_INSTRUCTIONS FOR THE TASK_
From the line containing "恰逢本年度迎新工作刚刚结束,招聘活动也吸" down to the last line of the entries, print each line exactly and leave the pictures out.

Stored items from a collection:
******************************

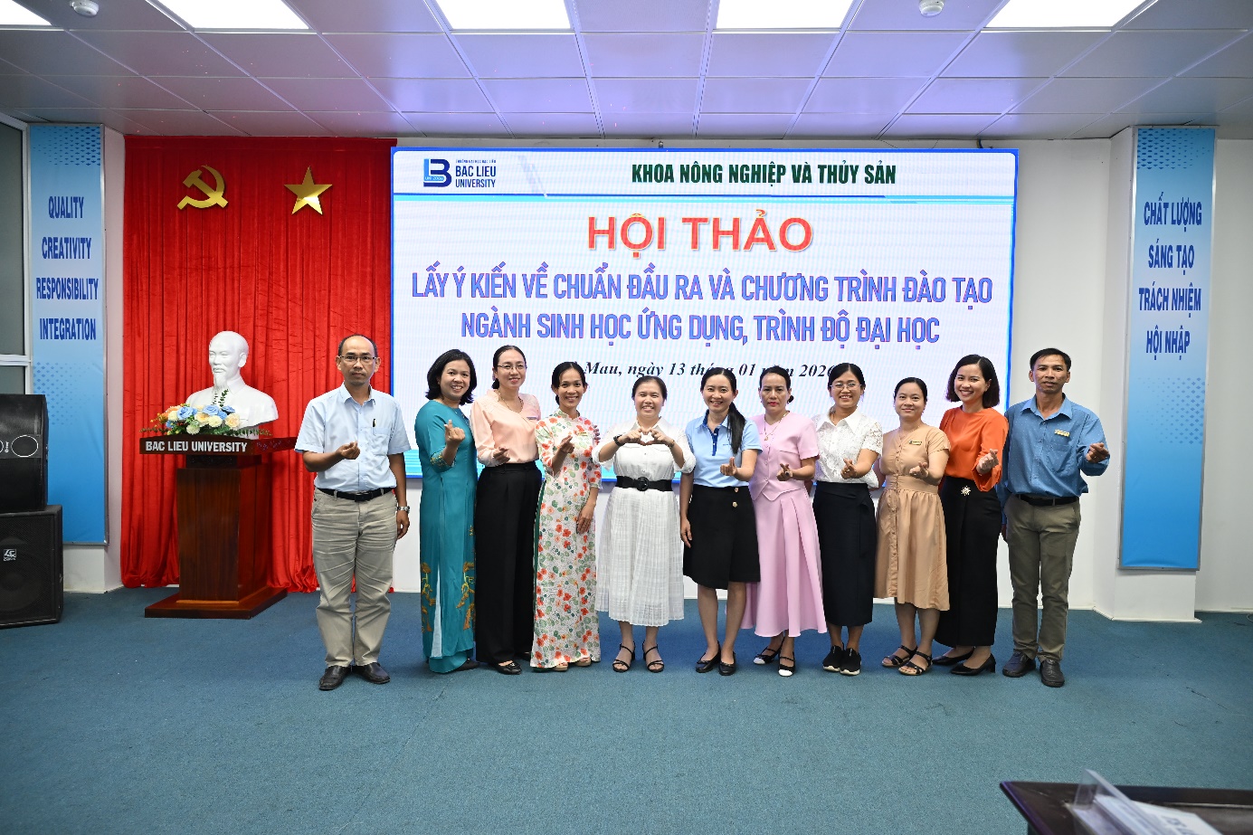 Sau hơn hai giờ làm việc nghiêm túc và hiệu quả, Hội thảo đã kết thúc thành công tốt đẹp. Những kết quả đạt được của Hội thảo là căn cứ quan trọng để Khoa Nông nghiệp và Thủy sản hoàn thiện CĐR và CTĐT ngành Sinh học ứng dụng để trình Hội đồng Khoa học và Đào tạo Trường Đại học Bạc Liêu xem xét, phê duyệt, phấn đấu đưa ngành Sinh học ứng dụng vào tuyển sinh và đào tạo trong thời gian sớm nhất./.
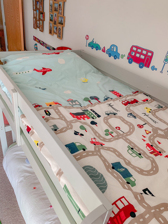 We had decided to choose duvet sets that suit the kids’ personalities, rather than matching ones. Tyler of course is all about transport, where Lily loves bright colours and rainbows.
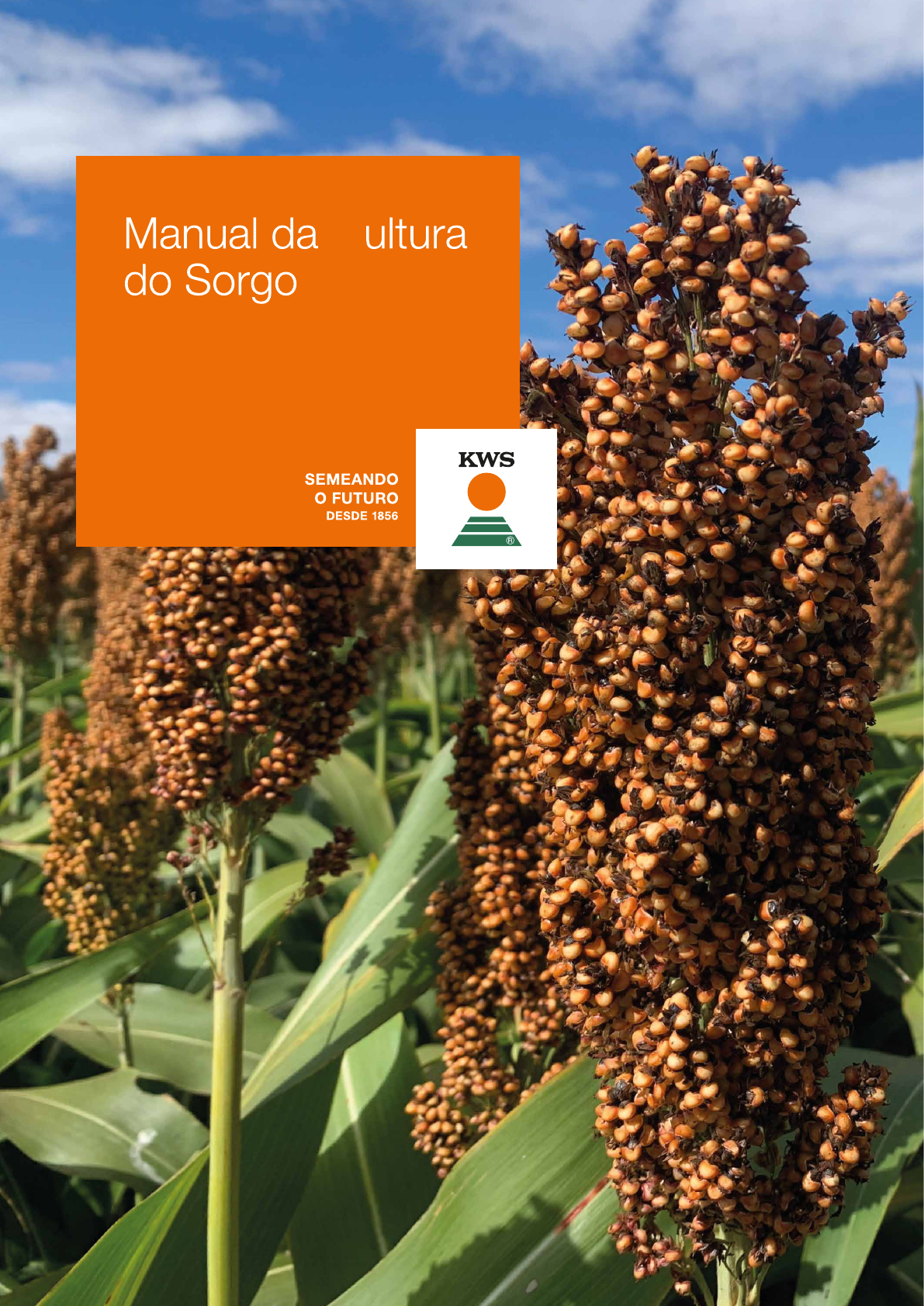 <p>Foto: Marcelo Guimarães Brito</p><p>C</p><p>Autor:</p><p>Dimas A. Del. Bosco Cardoso</p><p>Gerente de Silagem América do Sul</p><p>3 KWS - Manual da Cultura do Sorgo</p><p>A planta de sorgo (Sorghum bicolor L. Moench) é originária, provavelmente, da África, mas há citações</p><p>que dizem que poderia ser da Índia também. Domesticada por volta de 3.000 anos a.C. no Egito antigo</p><p>à Etiópia, onde posteriormente se dispersou por diversos países na Ásia, no Oriente e na Europa.</p><p>Chegou ao hemisfério ocidental e às Américas com sementes trazidas através dos escravos africanos. A</p><p>primeira lavoura plantada com sorgo de que se tem notícia na América foi no ano de 1853, por William</p><p>Quatro anos mais tarde, em 1857, o Departamento de Agricultura dos Estados Unidos lançou o que</p><p>pode ter sido a primeira cultivar comercial "moderna" de sorgo do mundo, daí então, foi uma cultura</p><p>amplamente manipulada através de gerações para satisfazer às necessidades humanas. Acredita-se que</p><p>foi introduzida no Brasil da mesma forma, através de escravos, com o nome de “Milho d’Angola” ou</p><p>“Milho da Guiné” e, à partir da segunda década do século XX até fins dos anos 60, a cultura é reintroduzi-</p><p>da de forma ordenada no país através dos institutos públicos de pesquisa e universidades</p><p>Atualmente, segundo a APPS (Associação Paulista dos Produtores de Sementes) no relatório de</p><p>04/2018, na safra de 2016/17, tivemos uma área de 866 mil ha de sorgo granífero, 287 mil ha de sorgo</p><p>silageiro e 80 mil ha de sorgo forrageiro, a um consumo médio de sementes de 8 kg/ha (grãos), 6 kg/ha</p><p>(silagem) e 12 kg/ha (forragem), o que é muito importante para a economia e para o mercado de</p><p>R. Prince de Nova Iorque, EUA.</p><p>(EMBRAPA/CNPMS, 2014).</p><p>consumo de rações e volumosos no Brasil.</p><p>1. Granífero: Geralmente de porte mais baixo (1,0 a 1,5 m) para facilitar os tratos culturais e a colheita</p><p>mecânica, tem população mais alta em função do porte baixo, em torno de 160 a 220 mil plantas/ha, e</p><p>é semeado, em sua maior parte (cerca de 95%), na 2ª safra. Possui um consumo médio de 8 a 9 kg/ha</p><p>2. Silageiro: Geralmente de porte médio a alto (2,20 a 3,50 m), tem população variável, em torno de 120</p><p>a 150 mil plantas/ha, de acordo com o porte e a cultivar, de modo a evitar o acamamento das plantas, é</p><p>semeado tanto no verão (65% do total) quanto na safrinha (35% do total e crescendo) para silagem. No</p><p>verão, as cultivares de ciclos mais longos promovem melhor aproveitamento da rebrota, que pode</p><p>chegar de 30 a 50% do volume de rendimento do 1º corte. Se o objetivo for aproveitar a rebrota, colher</p><p>o mais baixo que puder, pois a rebrota e os perfilhos saem do 1º nó rente ao solo. Se colher alto, a planta</p><p>Existem sorgos silageiros de duplo propósito (grãos/silagem) com porte entre 1,80 e 2,20 m, com intuito</p><p>de melhor qualidade energética (maior relação grãos/massa seca), porém não há bom aproveitamento</p><p>de volume na rebrota. Possuem um consumo médio de 4,2 a 6 kg/ha de sementes conforme o tipo da</p><p>3. Forrageiro: Oriundo de um híbrido de sorgo com capim sudão, é também chamado de sorgo de corte</p><p>e pastejo, semeado para pastagens e fornecimento rápido de forragem ao animal em detrimento do seu</p><p>rápido crescimento tanto na safra quanto na 2ª safra. Produz cerca de 15 a 25 t/ha de forragem verde</p><p>por corte/pastejo com 1,5 m de altura e, de acordo com a época de plantio, pode-se obter de 3 a 5</p><p>de sementes.</p><p>vai demorar a secar e a rebrotar, na sequência.</p><p>cultivar, porte e época de plantio.</p><p>cortes ou pastejos na rebrota, devido à sua alta capacidade de perfilhamento.</p><p>Sorgo Granífero</p><p>Sorgo Sacarino</p><p>Sorgo Silageiro</p><p>Sorgo Biomassa</p><p>Sorgo Forrageiro</p><p>Sorgo Vassoura</p><p>KWS - Manual da Cultura do Sorgo 4</p><p>Possui proteína mais elevada (9 a 12%) e fibras de boa digestibilidade. Seu plantio pode ser em linhas (17</p><p>a 50 cm) ou a lanço nas áreas de cultivo, com uma leve gradagem para incorporar, nesse caso. O</p><p>consumo de sementes em semeadura de máquinas é, em média, 12 kg/ha, mas a lanço pode variar de</p><p>15 a 20 kg/ha, de acordo com o tipo de preparo da área e a necessidade de fechamento.</p><p>4. Sacarino: Geralmente é um sorgo parecido com o tipo silageiro com porte alto, porém com colmo</p><p>mais suculento e rico em açúcares. A produção de grãos é mais limitada, pouco utilizado no mercado e</p><p>baixa disponibilidade de híbridos. Tem sua utilização para a fabricação de açúcar ou álcool, geralmente</p><p>na entressafra da cana-de-açúcar nas usinas e em áreas destinadas à reforma de canaviais. Gasto de</p><p>5. Biomassa: São sorgos híbridos ou variedades volumosos de porte muito elevado (5,0 a 6,0 m de</p><p>altura) cujo objetivo é volume de matéria seca como combustível e/ou produção de energia. Podem ser</p><p>utilizados em alimentação animal como fonte de fibras, mas são de baixa energia (qualidade) pela baixa</p><p>participação de grãos na massa. Apesar do porte, possuem boa tolerância ao acamamento. O consumo</p><p>6. Vassoura: Tipo de sorgo de porte alto, cujo objetivo é a produção de vassouras. Muito fibroso, possui</p><p>fibras com boa durabilidade e leveza, muito destacado e superior neste mercado em relação às</p><p>vassouras de plástico ou piaçava. Há plantios em áreas para fornecimento às fábricas de vassouras em</p><p>sementes também similar ao sorgo silageiro.</p><p>médio de sementes é semelhante ao do sorgo silageiro.</p><p>nichos ou locais específicos. Consumo de sementes similar ao sorgo silageiro.</p><p>Imagens: Embrapa Milho e Sorgo</p><p>Ácido presente na parte vegetativa do sorgo nas brotações novas, deriva do açúcar na planta de sorgo,</p><p
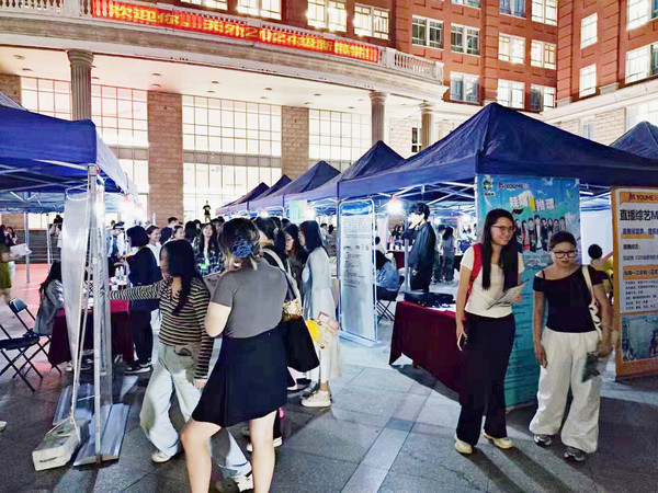 恰逢本年度迎新工作刚刚结束,招聘活动也吸引了不少大一新生的目光。许多新生怀着强烈的好奇心走进招聘活动现场,在各展位前驻足观看,认真阅读企业的招聘信息,不时与招聘人员交流几句。一位新生表示:“虽然我们才刚进入大学,但提前了解一下未来的就业岗位和要求,能让我们更有目标地规划大学生活,也对未来的大学学习更有信心。”此外,活动现场一如既往地设置了人社政策咨询窗口、简历“问诊”服务、线上直播带岗及AI人工智能规划指导,为毕业生提供多层次、全覆盖的就业服务。
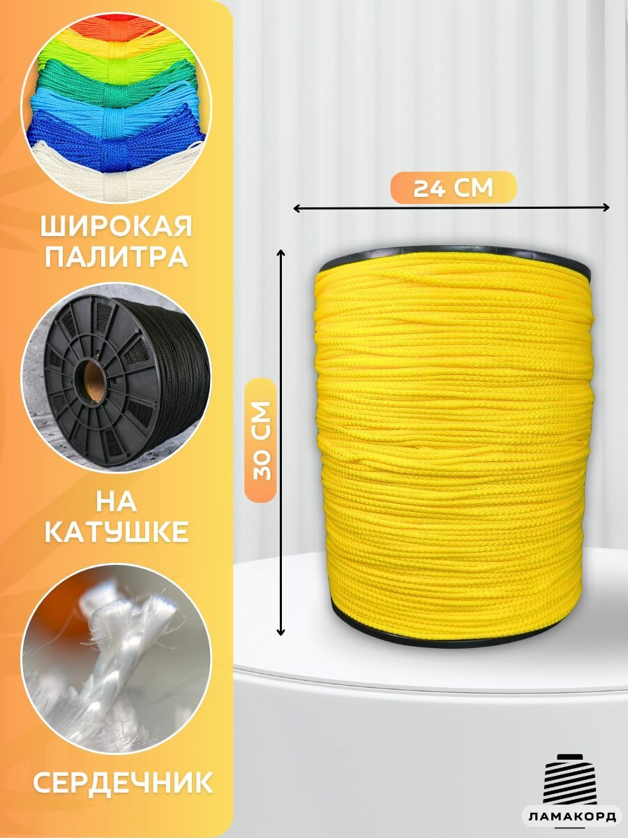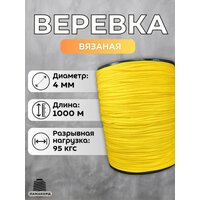 Веревка бельевая 4 мм 1000 м желтая. Шнур бельевой вязаный с сердечником. Шнур для рукоделия
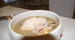 去了一次,是路过,看到门口装修的还不错,进去的时候感觉很像西餐店,原来是韩国菜,开放式的厨房,看到大厨在工作,中午时候人挺多的,我还不饿,朋友要了一份人参鸡汤,上来很快,一小锅,里面分量还是很足的,鸡肉一整只,里面看到人参,还有糯米,鸡肉很嫩,不过我不喜欢这种草药的味道,感觉一般,她喜欢就好,88元在这个区域倒是不算贵,也不知道韩国什么价位,环境真是很不错,服务也还好,很小资的地方,比较有气质。…查看更多
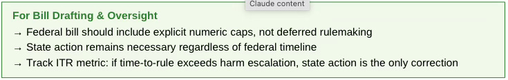 5. Binding timelines — If rulemaking is required, impose 12-month deadlines with automatic fallback provisions if agencies miss them.
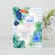 A tropical-theme baby shower invitation with a toucan, tropical flowers and foliage against a blue and white stripe background. (<a href="https://www.freepik.com/free-photos-vectors/background">Background vector created by BiZkettE1 - www.freepik.com</a>). <br/><br/>The card is easy to customise with your wording, font, font colour, paper shape options and choice of six paper types.<br/><br/>Not exactly what you're looking for? All our products can be custom designed to meet your needs at no extra charge.<br/><br/>Simply contact us at askcottonlamb@gmail.com.<br/><br/>Coordinating products available: Just ask us!"
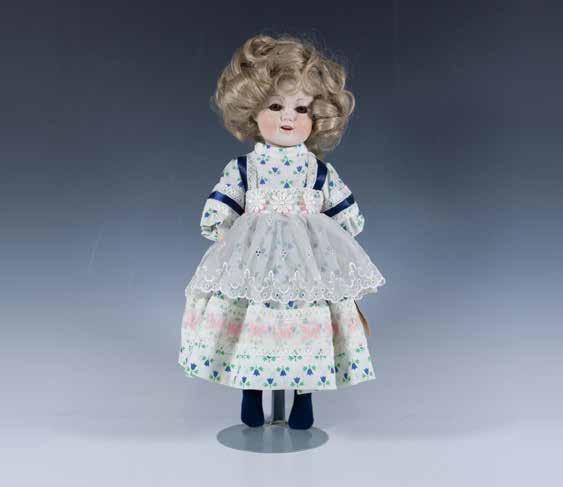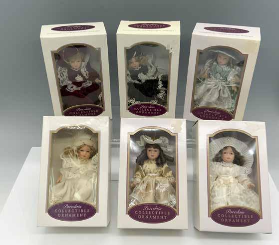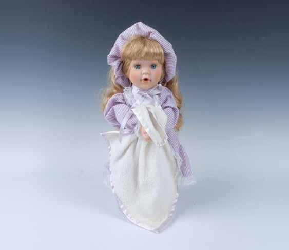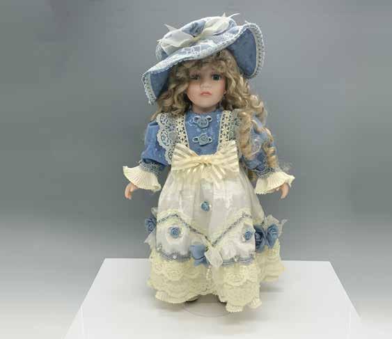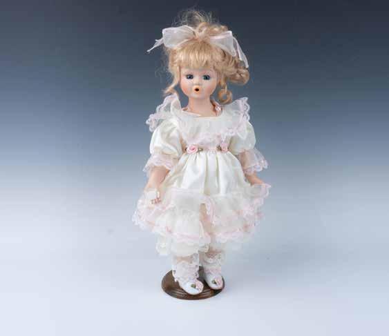 This piece features a porcelain, hand-painted face and head, dressed in a beautifully birthday party dress. Doll measures 6.5”L x 4.5”W x 17.5”H. This item has its original box which measures 9”L x 6.5”W x 19.75”H.

******************************

_ANSWER TO THE EXERCISE_
 恰逢本年度迎新工作刚刚结束,招聘活动也吸引了不少大一新生的目光。许多新生怀着强烈的好奇心走进招聘活动现场,在各展位前驻足观看,认真阅读企业的招聘信息,不时与招聘人员交流几句。一位新生表示:“虽然我们才刚进入大学,但提前了解一下未来的就业岗位和要求,能让我们更有目标地规划大学生活,也对未来的大学学习更有信心。”此外,活动现场一如既往地设置了人社政策咨询窗口、简历“问诊”服务、线上直播带岗及AI人工智能规划指导,为毕业生提供多层次、全覆盖的就业服务。
 Веревка бельевая 4 мм 1000 м желтая. Шнур бельевой вязаный с сердечником. Шнур для рукоделия
 去了一次,是路过,看到门口装修的还不错,进去的时候感觉很像西餐店,原来是韩国菜,开放式的厨房,看到大厨在工作,中午时候人挺多的,我还不饿,朋友要了一份人参鸡汤,上来很快,一小锅,里面分量还是很足的,鸡肉一整只,里面看到人参,还有糯米,鸡肉很嫩,不过我不喜欢这种草药的味道,感觉一般,她喜欢就好,88元在这个区域倒是不算贵,也不知道韩国什么价位,环境真是很不错,服务也还好,很小资的地方,比较有气质。…查看更多
 5. Binding timelines — If rulemaking is required, impose 12-month deadlines with automatic fallback provisions if agencies miss them.
 A tropical-theme baby shower invitation with a toucan, tropical flowers and foliage against a blue and white stripe background. (<a href="https://www.freepik.com/free-photos-vectors/background">Background vector created by BiZkettE1 - www.freepik.com</a>). <br/><br/>The card is easy to customise with your wording, font, font colour, paper shape options and choice of six paper types.<br/><br/>Not exactly what you're looking for? All our products can be custom designed to meet your needs at no extra charge.<br/><br/>Simply contact us at askcottonlamb@gmail.com.<br/><br/>Coordinating products available: Just ask us!"
 This piece features a porcelain, hand-painted face and head, dressed in a beautifully birthday party dress. Doll measures 6.5”L x 4.5”W x 17.5”H. This item has its original box which measures 9”L x 6.5”W x 19.75”H.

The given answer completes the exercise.